## PROBLEM TO SOLVE
In the entries below, find the line with "表 6 乳化劑在核殼內的分配比例對乳液穩定性以及涂膜吸水率的影響" and the line with "- написал Блинкен."; reproduce those two lines and all lines between them exactly, without pictures.

## GIVEN ENTRIES
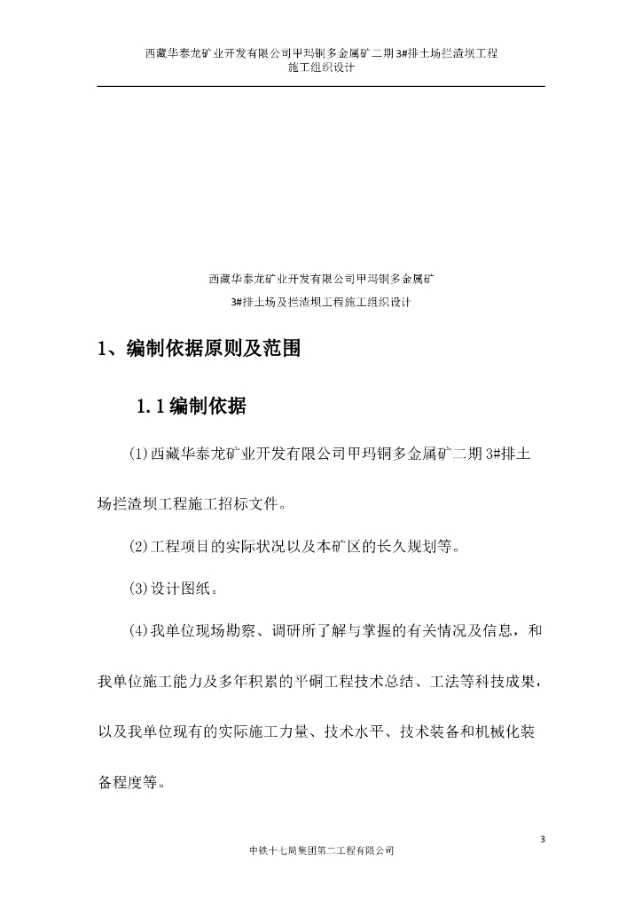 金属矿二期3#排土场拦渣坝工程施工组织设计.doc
--
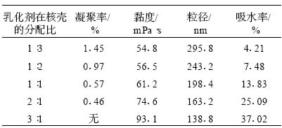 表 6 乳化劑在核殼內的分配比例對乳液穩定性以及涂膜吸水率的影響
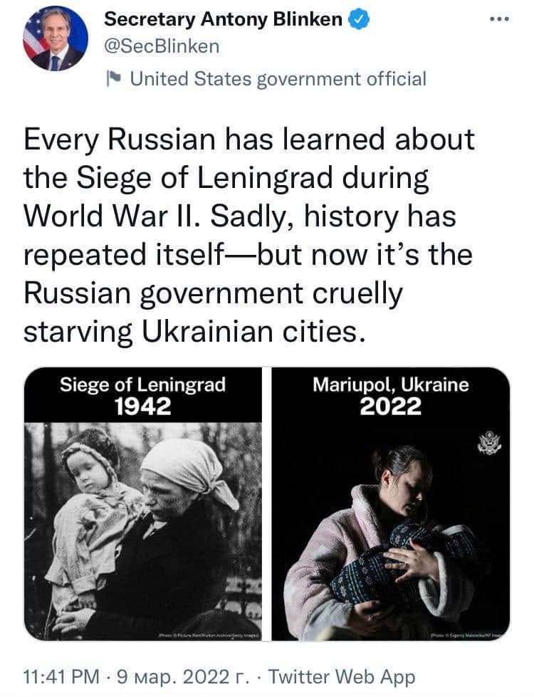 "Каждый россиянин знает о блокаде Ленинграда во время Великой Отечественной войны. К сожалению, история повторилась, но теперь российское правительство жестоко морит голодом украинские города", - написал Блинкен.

## ANSWER BOX
 表 6 乳化劑在核殼內的分配比例對乳液穩定性以及涂膜吸水率的影響
 "Каждый россиянин знает о блокаде Ленинграда во время Великой Отечественной войны. К сожалению, история повторилась, но теперь российское правительство жестоко морит голодом украинские города", - написал Блинкен.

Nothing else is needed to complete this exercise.